The Tukwila Reporter offered Charles Richard Tyson the chance to speak directly with voters about why he's the better candidate for Tukwila City Council Position 6 and about his vision for the city.

  • Wednesday, September 16, 2015 7:12pm
  • Opinion

By CHARLES TYSON

Candidate, Tukwila City Council

After decades of both taking from and giving to my community, my wife Diane and myself have decided the time has come for me to offer my insight, professional training, and listening skills to my neighbors by serving on the Tukwila City Council.

My parents moved my siblings and myself to the small town of Tukwila to give us children the opportunity to grow up in the country.  Feeding farm animals and tending to the needs of a large garden were two chores assigned me, as a means of gaining a sense of responsibility at an early age.  A result of doing chores was a sense of contributing to the family and being a part of our community.

All about us, I learned by example.  Everyone used their talents and skills for the benefit of the community.  Early attempts had been unsuccessful at disincorporating our Town, and it was only by volunteerism that the town grew.

The annual budget of Tukwila was under $30,000.  Yes.

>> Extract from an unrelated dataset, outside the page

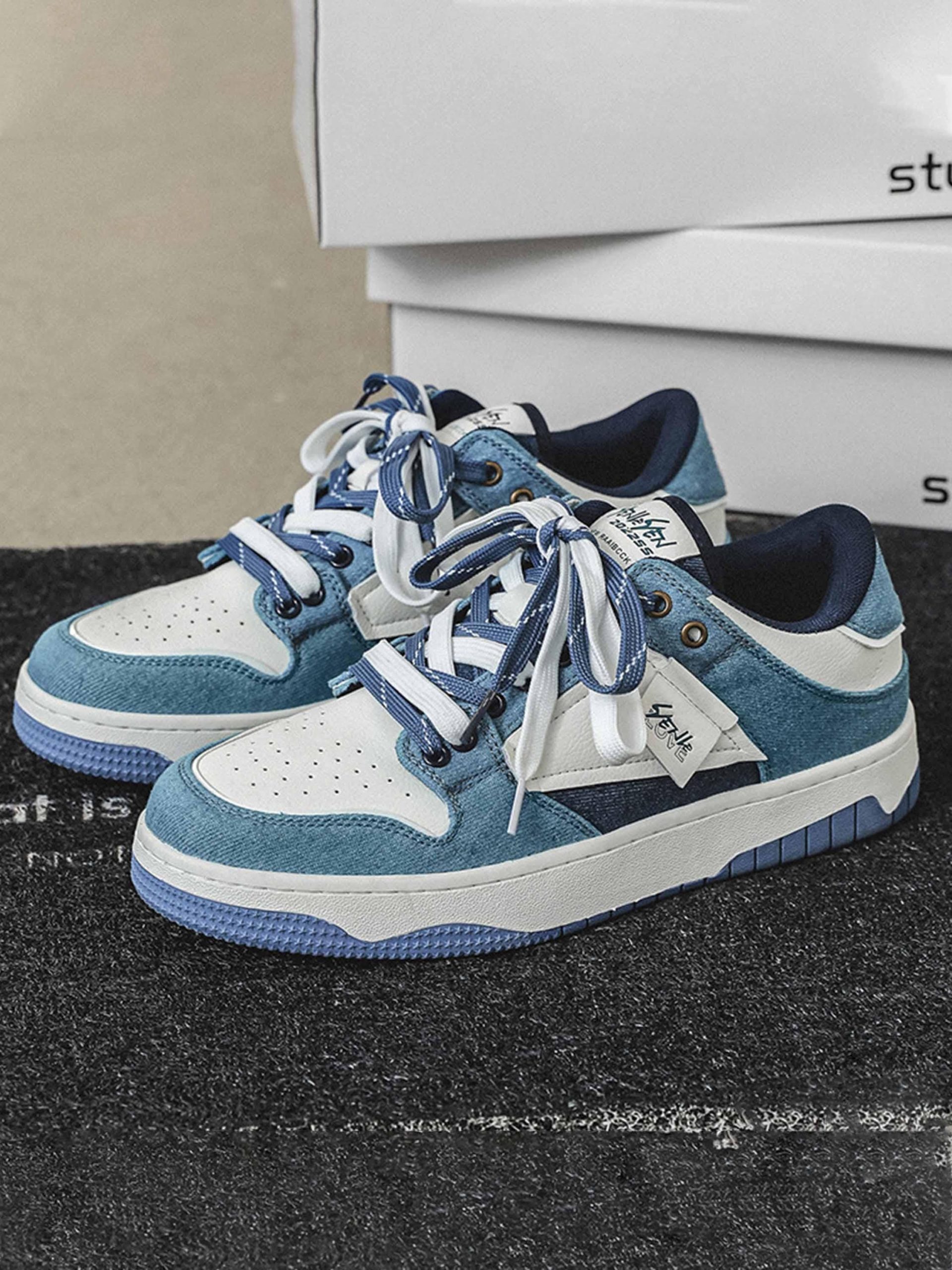 Step into urban flair with these dynamic kicks that blend retro vibes and modern edge. The striking combination of denim blue and crisp white makes these sneakers a standout choice for any streetwear fashion enthusiast. The textured layers and bold stitching add depth, while the comfortable fit ensures you’re ready to take on the city streets. Available in sizes ranging from 39 to 44, these sneakers are perfect for those who love to mix up their wardrobe with versatile outfit ideas. Lace up and let your feet do the talking.

Monthly, I walked over to Mrs. Newton’s house to pay our water bill.  All of the town records were kept in her roll top desk, and the town’s revenue from utility collections was kept in a tin can under her bed.  Yes.

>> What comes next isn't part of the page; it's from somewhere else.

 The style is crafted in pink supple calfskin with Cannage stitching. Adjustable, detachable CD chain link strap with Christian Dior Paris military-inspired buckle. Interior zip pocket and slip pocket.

Volunteerism in Tukwila took many forms.  Certainly, most notable was the service of the men on our all-volunteer fire department. But there was more, such as my parents’ time spent cleaning up after dances at the Community Club.

The purpose of the dances was to raise money for the Bicentennial Fireworks Celebration (1958) on the Foster Golf Course.  Years later I would serve on the Citizens Committee that negotiated with Joe Aliment for the purchase of his course, in order to preserve the green space from commercial development. Today, sadly, there are those who would like the city to sell this unique asset.

Serving as an early member of the Tukwila Historical Society, which was formed by close friends, was another act of volunteerism.  Another highlight of my giving back to the community was the development of the Tyson Plan as a means to economically meet future city facility needs. No other citizen has brought forth a plan, and mine remains under consideration despite the hundreds of thousands of dollars that has been paid by the city to a Bremerton architectural firm to bring forth a proposal.

The duty of volunteerism, instilled in me at an early age, is why I am a candidate for Position 6 on the Tukwila City Council. I would be honored by your vote which will show your faith in me to provide my training and insight to deal with the complex problems of our city.  Thank you.